Today, Schaeffer's company, OPI Products Inc., creates and distributes 200 shades of spike gloss and is branching out in to body lotions, hairsprays and shampoos, with a of the latter temperament the Orthodox Union (OU) consent seal.
Annual sales advance to about $300 million, Schaeffer said, and in 2010 he sole the firm to Coty. Terms of the sale are confidential, but Bloomberg News reported at the time that Coty had paid about $1 billion in cash.
Schaeffer, as OPI's boss and CEO, remained on the job, as did his 500 employees. Schaeffer proudly celebrated that the really first worker he hired, in 1981, is still working at the company.
Perhaps since his own background, Schaeffer was drawn early to Bnai Zion. He orderly its first girl section whilst still living in New York and has only resolved 6 years as national president.
Last year, a first step in reviving the Los Angeles section was to sinecure Igal Zaidenstein as Western informal director. Born in Israel to parents who had done aliyah from Paraguay, Zaidenstein complicated diplomatic scholarship at Tel Aviv University, graduated from law school and said, "I have a life-long passion to intensify Israel-Diaspora relationships."
Zaidenstein, who formerly served locally as diplomatic confidant is to American Friends of the Citizens' Empowerment Center in Israel, has orderly multi-part rudimentary meetings for Bnai Zion in Los Angeles and is formulation to reactivate groups of supporters in Orange County and San Diego, together with intensify ties with local synagogues.
In a new discussion at his considerable domicile office building in North Hollywood, Schaeffer, wearing an open-neck shirt and suspenders, sharp to wall-size chart in a conference room highlighting the 110 nations in which his products are available. The countries add Dubai, Kazakhstan, Russia (one of his largest customers) and China (where his products are at large counterfeited).
"I'm a three-day synagogue Jew," Schaeffer said, "but we keep kosher at home, and every doorpost in the company's 25 buildings has a mezuzah on it."

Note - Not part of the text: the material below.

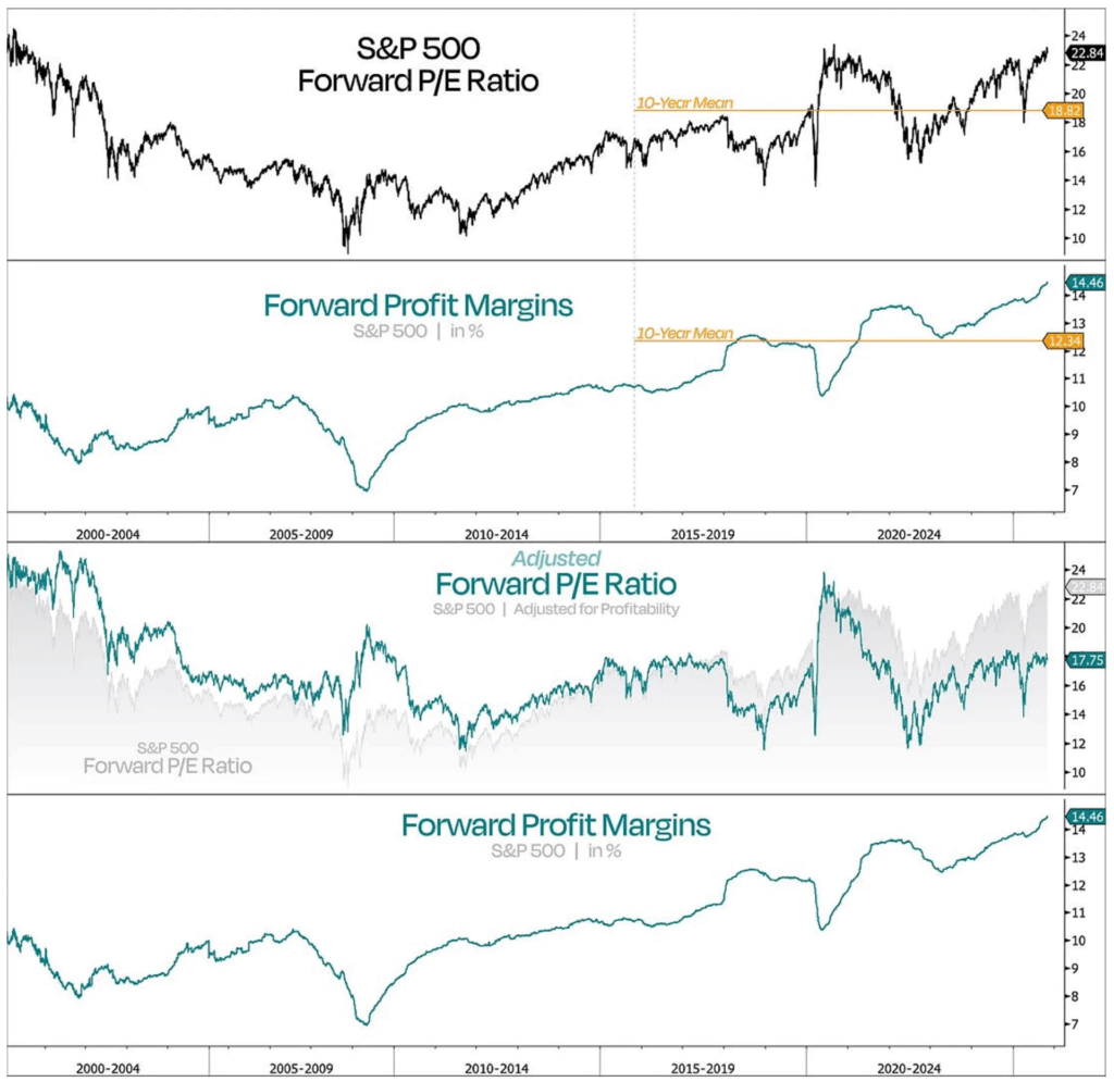 Profitability-adjusted valuation. “Anyone comparing today’s valuations to the Dotcom era on a basic P/E basis is missing the point … higher profitability demands a higher valuation premium. Using our profitability-adjusted model, today’s P/E comes out to 17.75x — less than one standard deviation above its 20-year average of 16.2x.”

He moreover paid is to new restoration of the Young Israel of North Beverly Hills, mentioned to be the oldest Orthodox synagogue in Los Angeles.

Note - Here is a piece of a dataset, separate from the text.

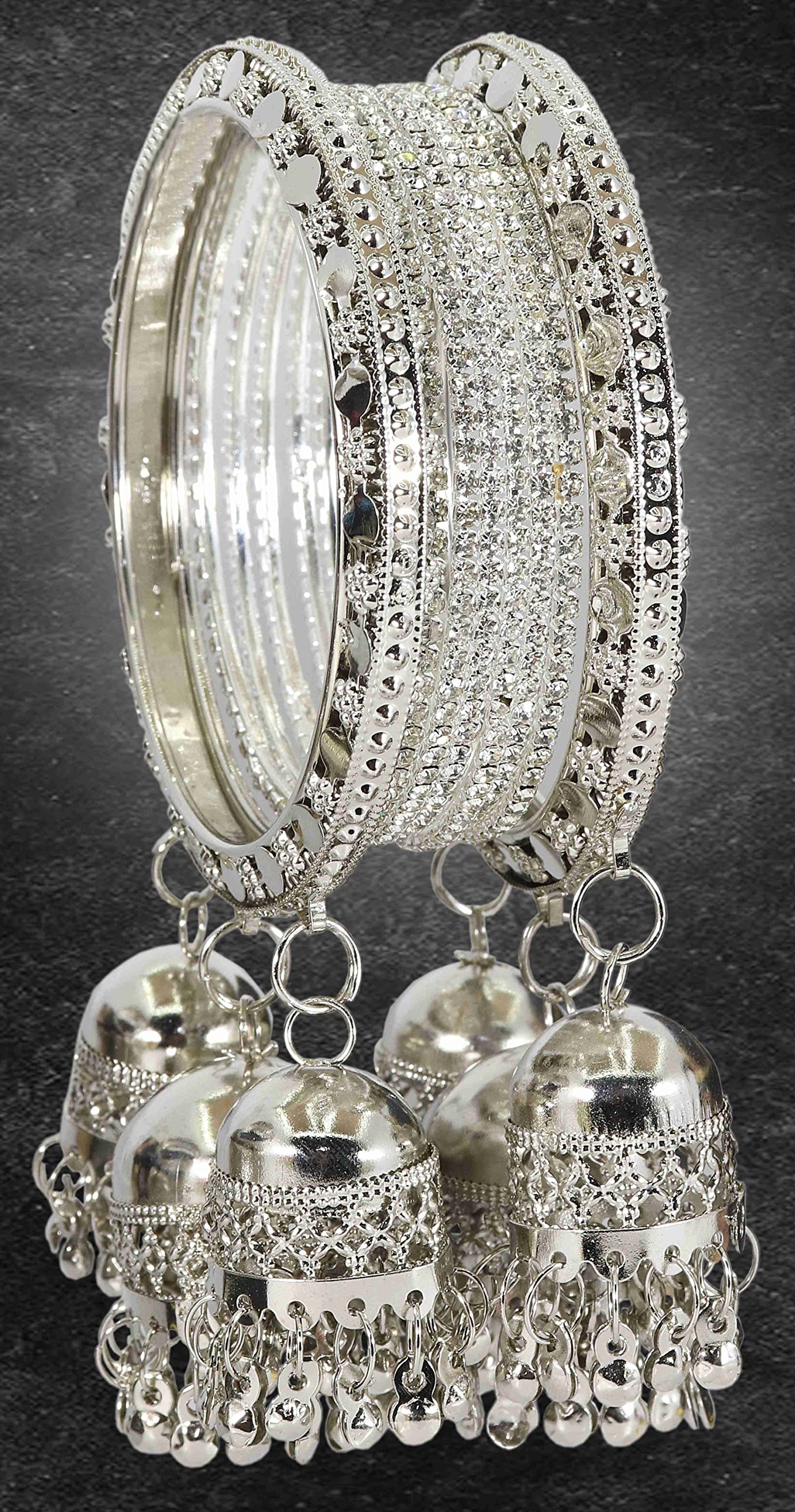 NMII Oxidized Base Metal With Zircon Gemstone Studded Glossy Finished Latkan Linked Kaleere Bangle set for and Girls

Schaeffer has been a leading champion of the Cedars-Sinai Medical Center, and he will be respected by the City of Hope on July 21 in Las Vegas.
It bothers Schaeffer that many Jewish charities and institutions outlay up to 30 percent of donations on organizational expenses. At Bnai Zion, he played a key role in substantiating a $30 million endowment, which will casing roughly all of the organization's functional costs and enable all contributions to go to the projects in Israel.
Right after World War II, Bnai Zion had a few 150 chapters in the United States, according to Jack Grunspan, Bnai Zion's national senior manager clamp president. Currently, it has offices in New York, Philadelphia, South Florida, Dallas and Los Angeles.
Grunspan puts the number of contributing members at about 30,000 nationally, and 2,500 in the Los Angeles area. Total contributions advance to between $1.5 million and $2 million annually, a figure Schaeffer would similar to to elevate to $3 million to $5 million a year.
According to the Bnai Zion brochure, the group played a leading role in substantiating the American Red Magen David Adom for Israel, and in helping the Diaspora Museum in Tel Aviv and the Bezalel Academy of Arts and Design in Jerusalem.